Open Society Foundations to Cease Operations in Kyrgyzstan

NEW YORK—The Open Society Foundations will close their national foundation in Kyrgyzstan following the passing of a new law which imposes restrictive, broad, and ill-defined regulations on the activities of internationally funded local organizations.

Open Society launched the Soros Foundation–Kyrgyzstan in 1993, when the country was navigating a complex socioeconomic crisis following its independence from the former Soviet Union.

Over the following three decades, the foundation provided over $115 million in funding for a wide range of projects working with both government and civil society partners in the country. These included supporting initiatives in the education and public health sectors, providing access to emerging digital technologies, and working to reform the country’s criminal justice and legal aid systems.
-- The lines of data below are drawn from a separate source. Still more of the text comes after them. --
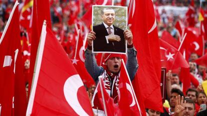 La manifestación —20.000 personas, según la policía, y 40.000, según los organizadores— la convocó la asociación Unión de Demócratas Turcos Europeos (UETD, en sus siglas en alemán), un grupo financiado desde Ankara por el Partido de la Justicia y el Desarrollo (AKP) de Erdogan.
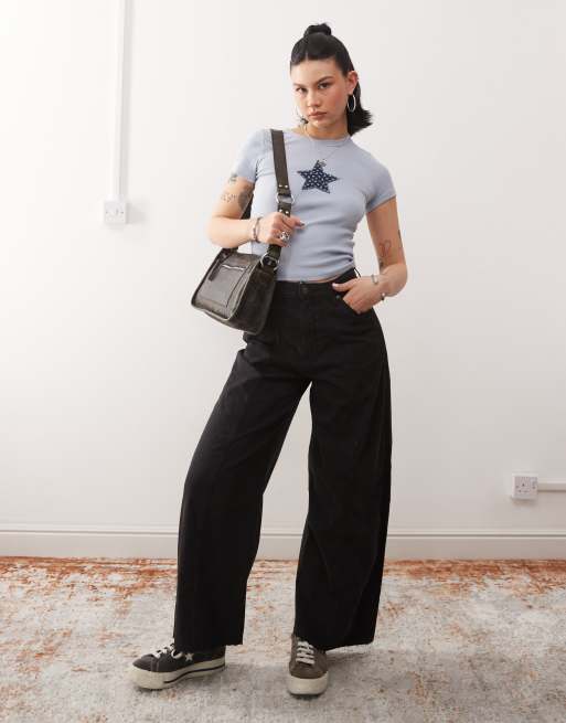 Wrangler - Jean ample léger coupe cowboy avec surpiqûres sur le devant - Noir
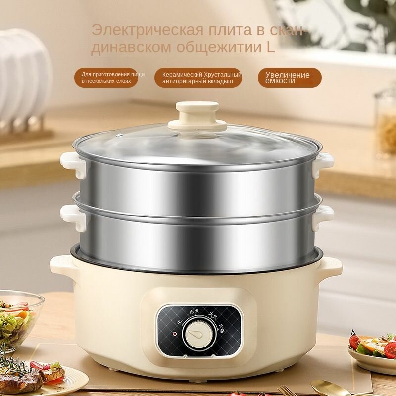 10 цен на 3-слойная электрическая пароварка из нержавеющей стали, более полезная, чем пластиковая, большая емкость, высокая мощность 1350 Вт, бежевый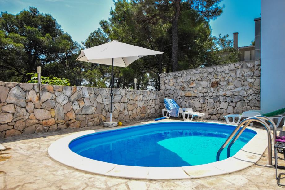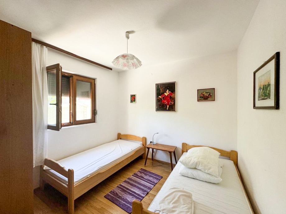 Prodaje se šarmantna dvojna kuća smještena usred mirne borove šume, idealna za ljubitelje prirode i privatnosti. Kuća se nalazi 1,5 kilometara od obale mora, pružajući savršen balans između prirodnog okruženja i blizine plaže. Uz kuću se nalazi bazen površine cca 18 m2, savršen za opuštanje i osvježenje tijekom ljetnih dana.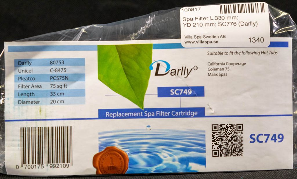 Beskrivning av Spa Filter L 330 mm; YD 210 mm; SC776 (Darlly)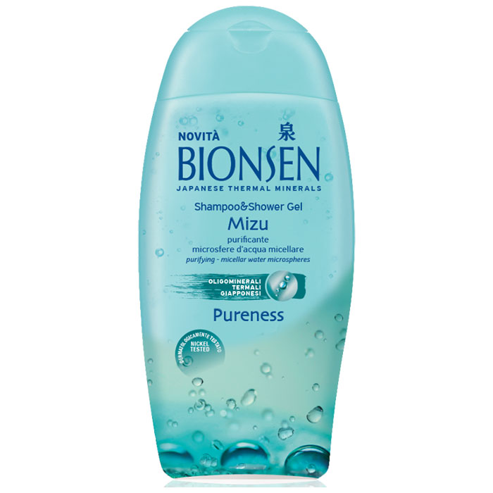 Lasciati coinvolgere in un rituale millenario e rigenerati nelle calde acque delle sorgenti termali giapponesi con Bionsen Shampoo&Shower Gel Mizu Pureness, microsfere di acqua miceIlare che aiutano ad eliminare le impurità lasciando i capelli luminosi e la pelle fresca e morbida.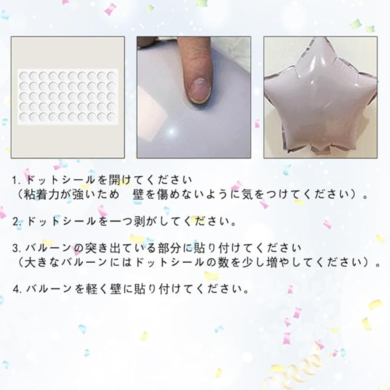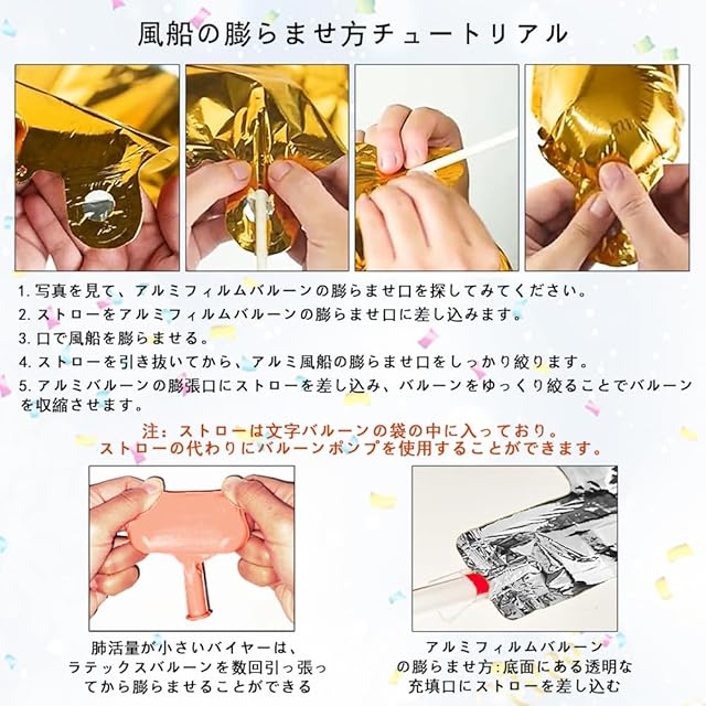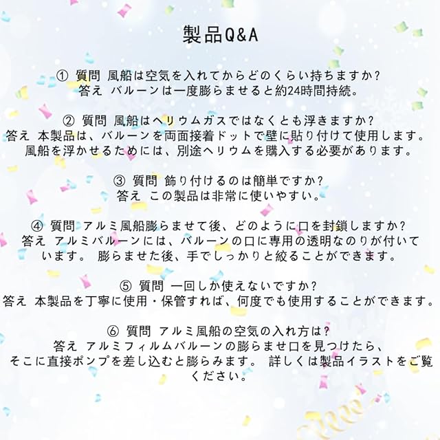④ 本製品は、環境に配慮した無害なpvc素材を使用しています。 お子様の手の届かないところに保管してください。 アルミフィルムバルーンは複数回使用することができます。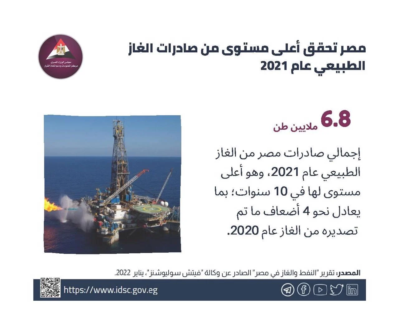 وأوضح الانفوجراف أنه وفقًا لتقرير “النفط والغاز في مصر” الصادر عن وكالة “فيتش سوليوشنز” في يناير 2022، أنه بلغ إجمالي صادرات مصر من الغاز الطبيعي نحو 6.8 ملايين طن عام 2021.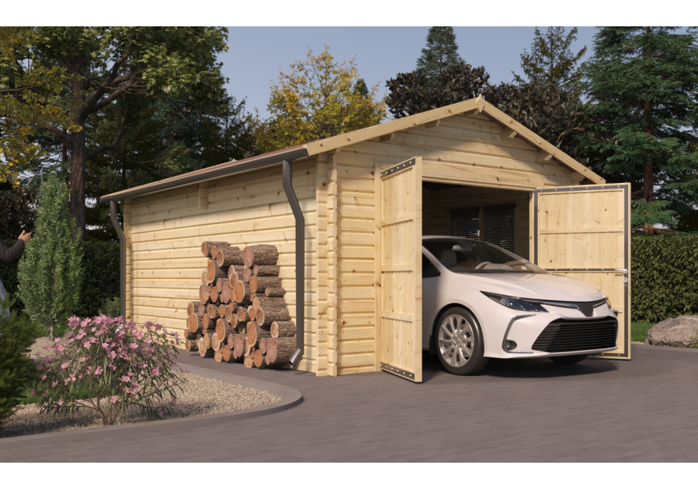 Wszechstronny drewniany garaż MONTREAL to idealny wybór dla osób szukających praktycznego i stylowego rozwiązania. Przestronne wnętrze pomieści nie tylko pojazdy, ale także narzędzia i sprzęt ogrodniczy. Garaż łatwo dopasujesz do swojej posesji, zapewniając ochronę i stylowy wygląd.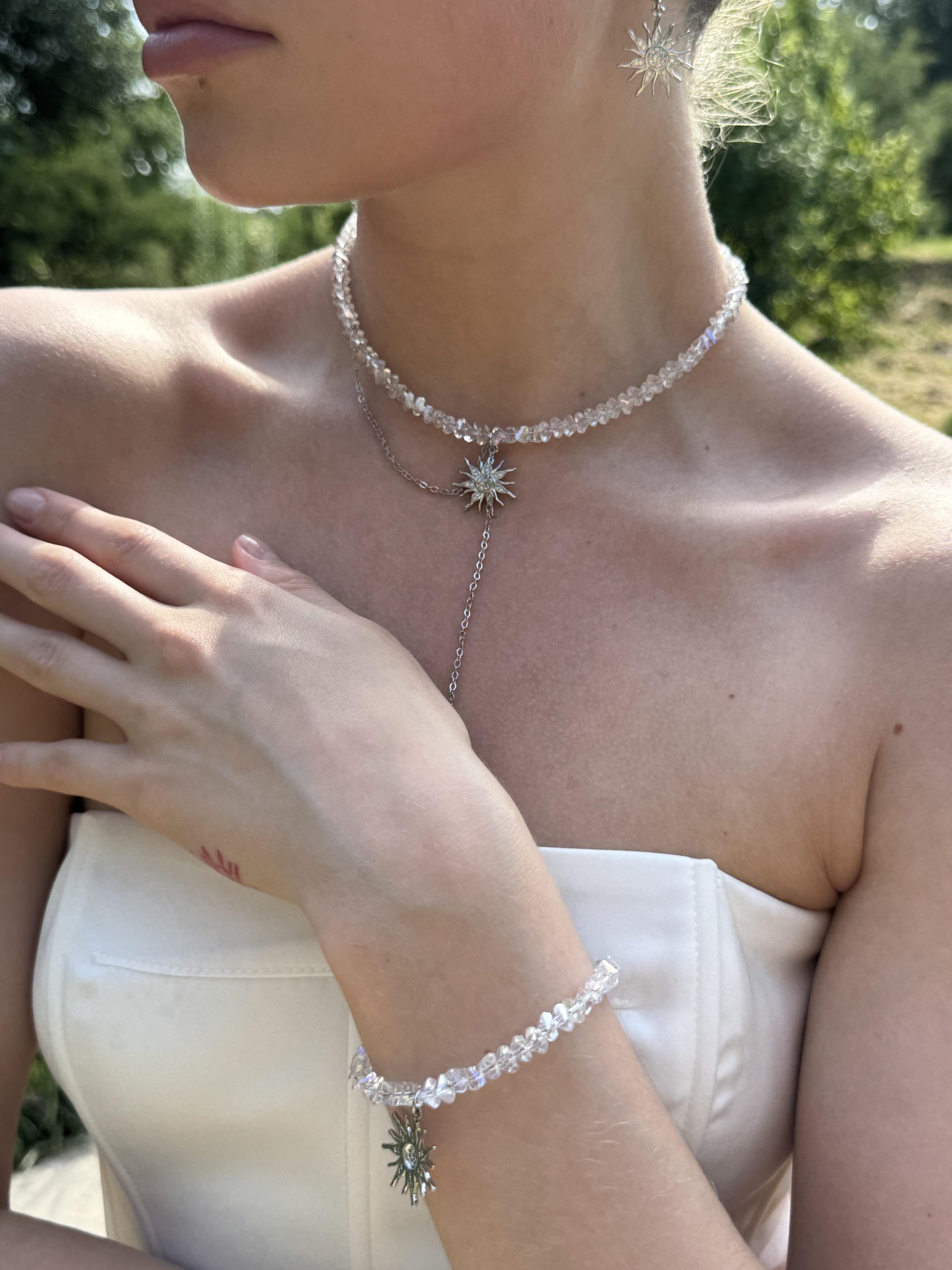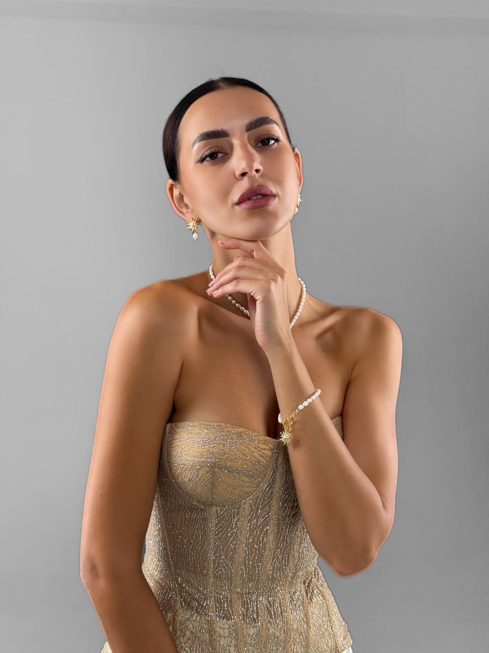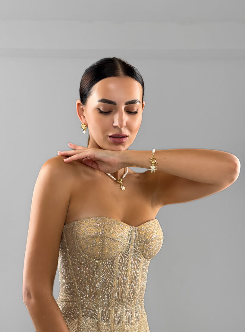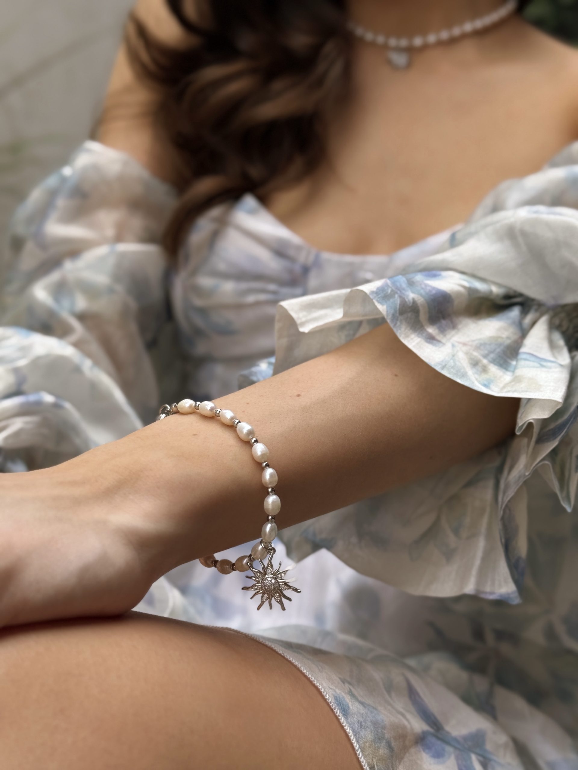 Браслет, що несе тепло. Золоте сонце на тлі ніжних перлів нагадує — світло завжди поруч. Його делікатне сяйво огортає зап’ястя і додає внутрішньої гармонії.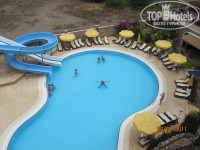 ТЕрритория - мизер... Точнее, её практически нет, дорожки с зеленью вокруг бассейна, да маленький лужок для детворы за амфитеатром, и всё. Это - пожалуй самый большой минус отеля. Так что любителям погулять по тропинкам субтропического сада придётся выходить из отеля. Мы - всё время проводили на пляже (кроме бара и анимации после ужина), поэтому нас это - мало напрягало. Бассейн тоже достаточно скромненький, неглубокий, прямо в нём 2 горки и рядом "зонтик" с джакузи. Очень компактно.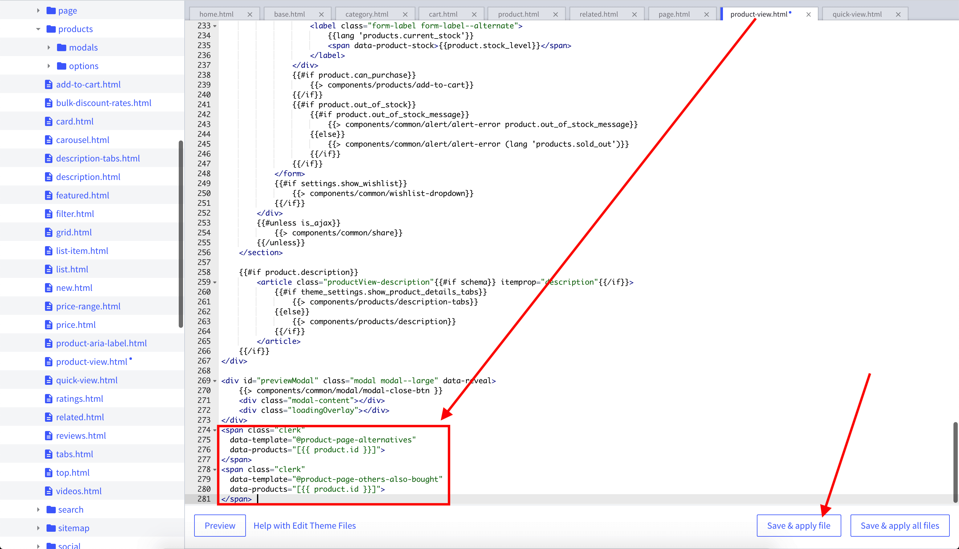- Open the file that generates your product pages, often under templates > components (e.g.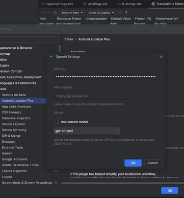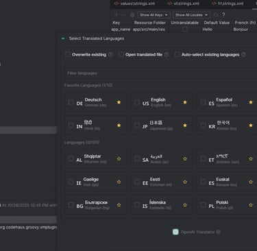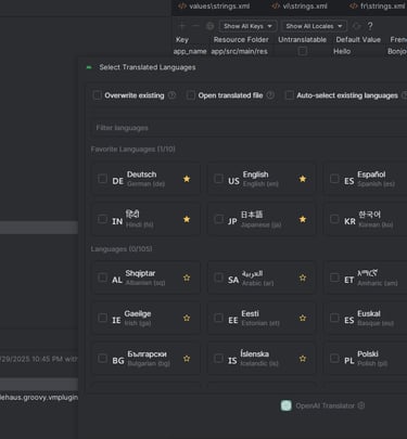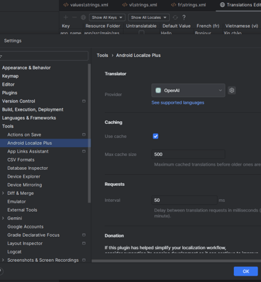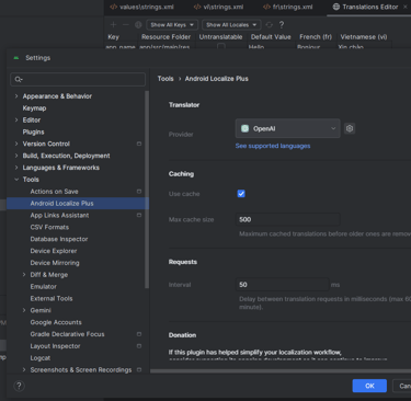 Once installed, the plugin scans your strings.xml and translates all entries automatically with a single click.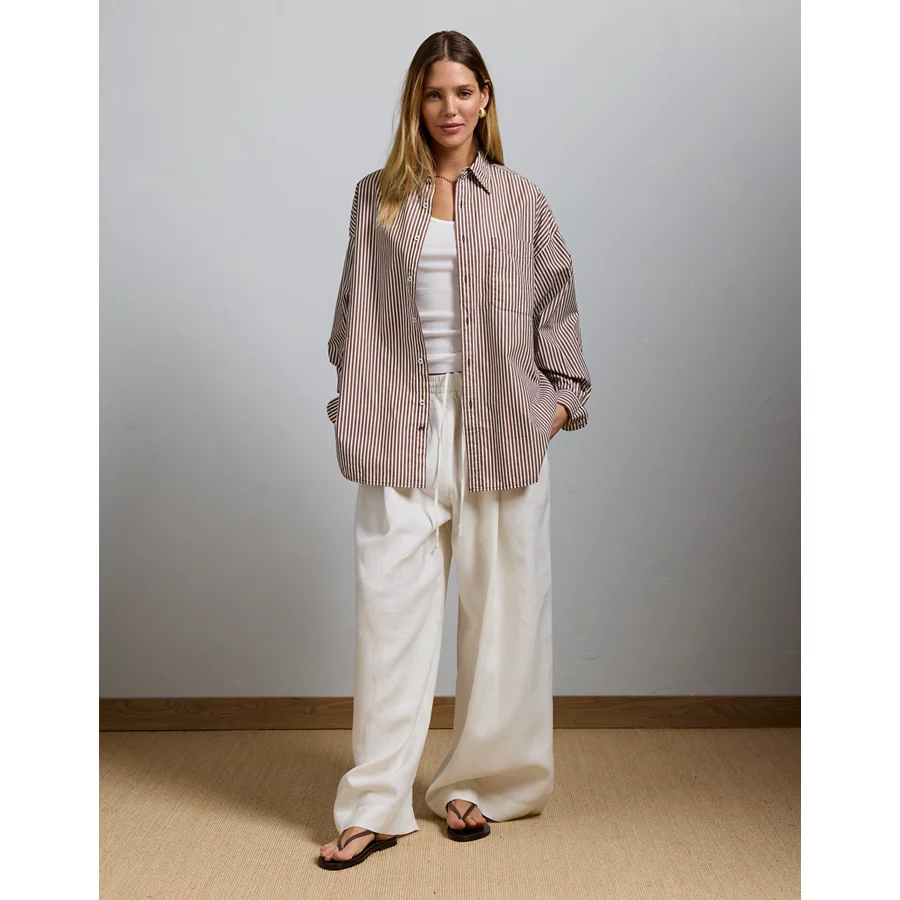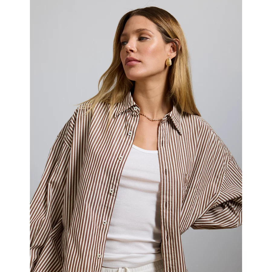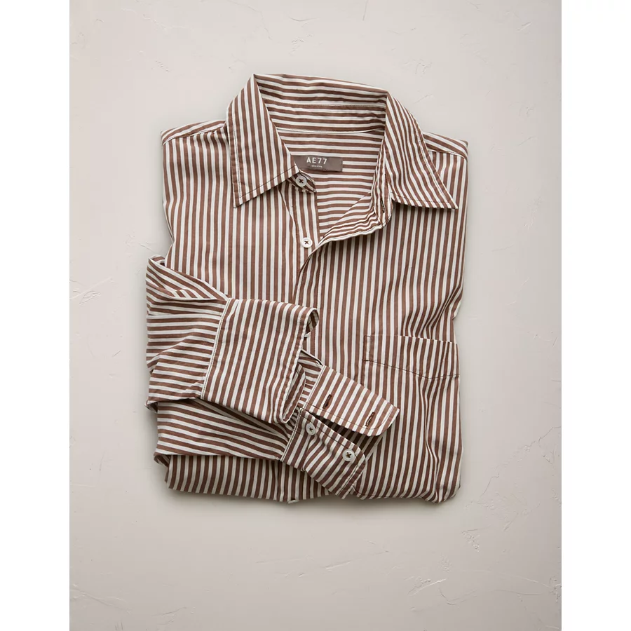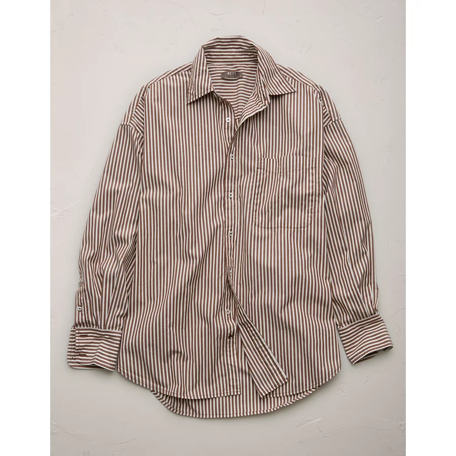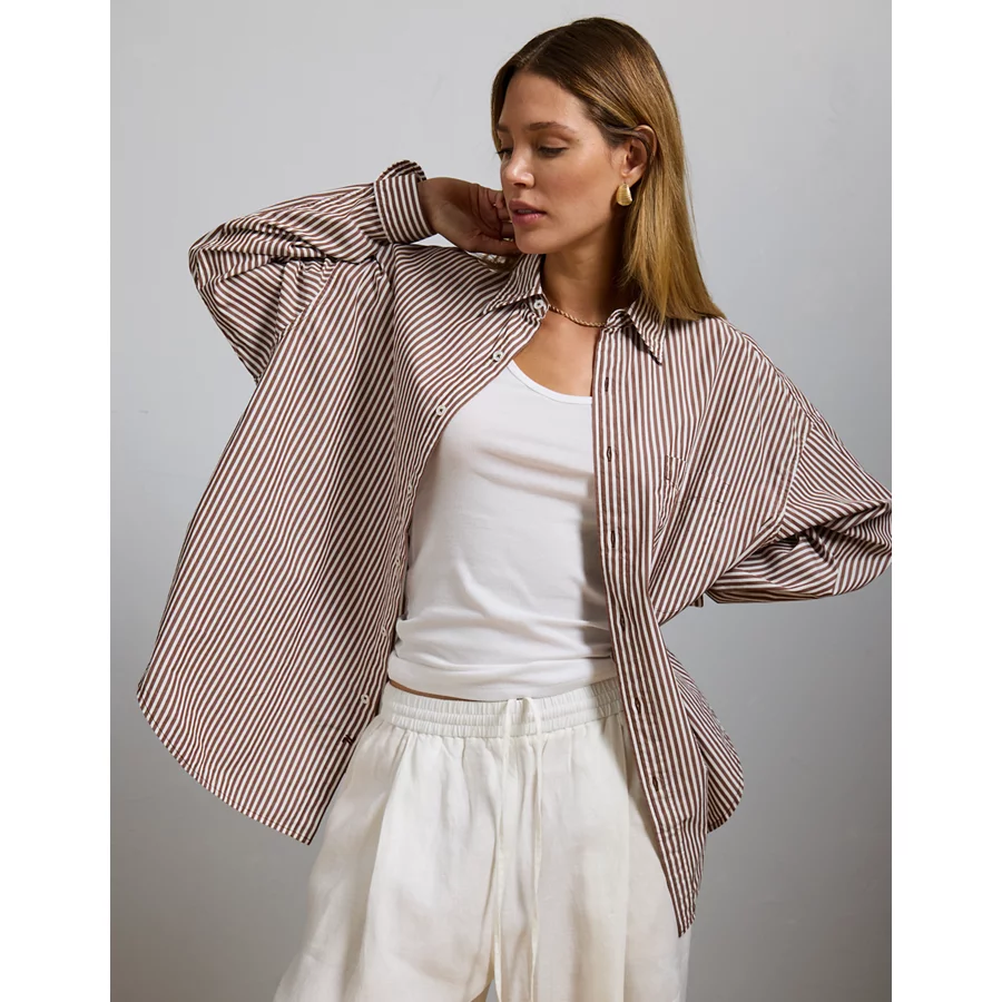 AE77 Premium Oversized Poplin Boyfriend Shirt – Brown

Regrettably, this new law means these efforts, aimed at benefiting the country, will be unjustly labeled as the work of “foreign representatives.”

The Soros Foundation–Kyrgyzstan is locally governed and staffed but receives its funding from abroad, making it subject to the new legal restrictions, which would require all foreign funded nongovernmental organizations to report broadly defined “political” activities to the authorities, and risk other ill-defined consequences.

According to a statement on February 7 from the Organization for Security and Co-operation in Europe, the new law risks “an overwhelmingly negative impact on civil society, human rights defenders, and the media in Kyrgyzstan.”

Binaifer Nowrojee, president of the Open Society Foundations, said: “I believe the foundation’s record over the past 30 years speaks for itself; the foundation and its dedicated staff have been able to provide important support for ordinary people across Kyrgyzstan in ways that bolster national aspirations toward democracy and open society. We are deeply saddened that this work cannot continue and that this repressive new law will see civil society operate in a climate of uncertainty and intimidation.”